Yahoo CEO and founder Jerry Yang "bleeds purple." Microsoft wanted to take control of his purple blood in its quest to compete with Google. Carl Icahn may want a plain old bloodletting. The corporate raider could send Yang packing or confine him to the boardroom if he continues with his effort to get a dissident slate elected to Yahoo's board of directors at an upcoming shareholder meeting.
But even if Icahn walks away, the battle for Yahoo's soul won't be over for Yang as he tries to maintain control of the company he founded in March 1995 with fellow Stanford graduate student David Filo. The fight doesn't get any easier from here as key executives abandon ship, products continue to be slow to get to market, and uncertainty hangs over Yahoo's Silicon Valley campus. In the immediate wake of the "Microsoft out, Google in" announcement, Yahoo's stock has slid 15 percent.
Yang might be called a reluctant CEO, and this tangled scenario can't be what the 39-year-old Yang imagined when he replaced Terry Semel as CEO almost a year ago, on June 18, 2007. The former Time Warner executive had led Yahoo's growth spurt, from revenue of $717 million in 2001 to $6.4 billion in 2006, but his Hollywood-honed skills and luck ran out over the last several months of his tenure.
At the somewhat contentious June 12, 2007 shareholder meeting, Semel didn't give any indication that a week later he would resign as CEO. In fact,Semel said Yahoo has all the pieces to be successful and that he couldn't wait to prove it. Less than a week later, he walked.

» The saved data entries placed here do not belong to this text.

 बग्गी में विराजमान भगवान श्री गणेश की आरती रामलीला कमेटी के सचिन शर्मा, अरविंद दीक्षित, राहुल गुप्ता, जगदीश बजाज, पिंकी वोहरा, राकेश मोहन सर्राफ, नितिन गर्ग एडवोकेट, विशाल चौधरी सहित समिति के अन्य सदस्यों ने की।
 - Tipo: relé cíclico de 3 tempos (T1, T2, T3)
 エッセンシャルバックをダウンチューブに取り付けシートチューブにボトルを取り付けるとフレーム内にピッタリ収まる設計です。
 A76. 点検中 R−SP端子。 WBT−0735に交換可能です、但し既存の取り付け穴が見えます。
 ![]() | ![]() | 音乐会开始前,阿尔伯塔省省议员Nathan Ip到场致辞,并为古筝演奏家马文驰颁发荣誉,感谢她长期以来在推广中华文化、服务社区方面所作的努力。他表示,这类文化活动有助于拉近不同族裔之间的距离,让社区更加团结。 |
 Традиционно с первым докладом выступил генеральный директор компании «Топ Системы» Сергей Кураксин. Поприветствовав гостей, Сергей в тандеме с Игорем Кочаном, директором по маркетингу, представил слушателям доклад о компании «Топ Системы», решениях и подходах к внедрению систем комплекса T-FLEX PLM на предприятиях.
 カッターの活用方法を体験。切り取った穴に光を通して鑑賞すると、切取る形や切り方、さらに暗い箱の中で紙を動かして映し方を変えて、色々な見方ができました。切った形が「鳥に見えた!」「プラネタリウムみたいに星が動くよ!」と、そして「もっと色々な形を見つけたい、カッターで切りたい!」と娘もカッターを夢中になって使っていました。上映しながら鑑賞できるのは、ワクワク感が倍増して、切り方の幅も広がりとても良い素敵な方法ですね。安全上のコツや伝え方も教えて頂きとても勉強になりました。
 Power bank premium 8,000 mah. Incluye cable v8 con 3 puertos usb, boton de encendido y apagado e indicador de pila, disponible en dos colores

With Semel's abrupt departure, the board could have searched for an outsider to run the company, or appointed Decker or Yang as CEO. An external search would have taken months and put the company in limbo. Decker was not deemed ready to take over, although she had been groomed by Semel and was lauded for her business acumen.
That left Yang to run the show. He was respected by the troops, and had a vision of where Yahoo should go and the fervor of a founder. As Chief Yahoo for a dozen years, Yang had been involved in strategy, technology, and business development. But, the CEO job was a very different role, of course, and Yang didn't have extensive operational experience. But then neither did Decker, tapped to be president and Yang's No. 2.
Compounding the problem, Yahoo's management bench had become thin. Semel's exit had been preceded by the departure of two key operational executives, COO Dan Rosenzweig, who left in December 2006 with media chief Lloyd Braun in a management shakeup. Farzad Nazem, Yahoo's veteran CTO and executive vice president of engineering and site operations, retired from the company just a few weeks prior to Semel vacating the CEO role. (At the time of Semel's departure, Yang was also acting as the interim executive sponsor of Nazem's technology group.)
In his remarks at theD6 conference last month, Yang shed some light on his thinking and the board's vote to have him serve as Yahoo's chief executive:
"It wasn't lightly that I came to the decision I want to be CEO. I understand the challenges and I understand that I don't necessarily have all the experience, although I have admired Terry and Tim Koogle before him and just some great leaders who helped us run the company. But I also felt it's my time to really take Yahoo to the next level. I feel like I am most passionate and have the most vision about where for where we want to be.
"I know that people want to see results, and I think in this day and age a lot of people are more short-term oriented, but I think we are starting to show that Yahoo can be on this path to be a very different entity."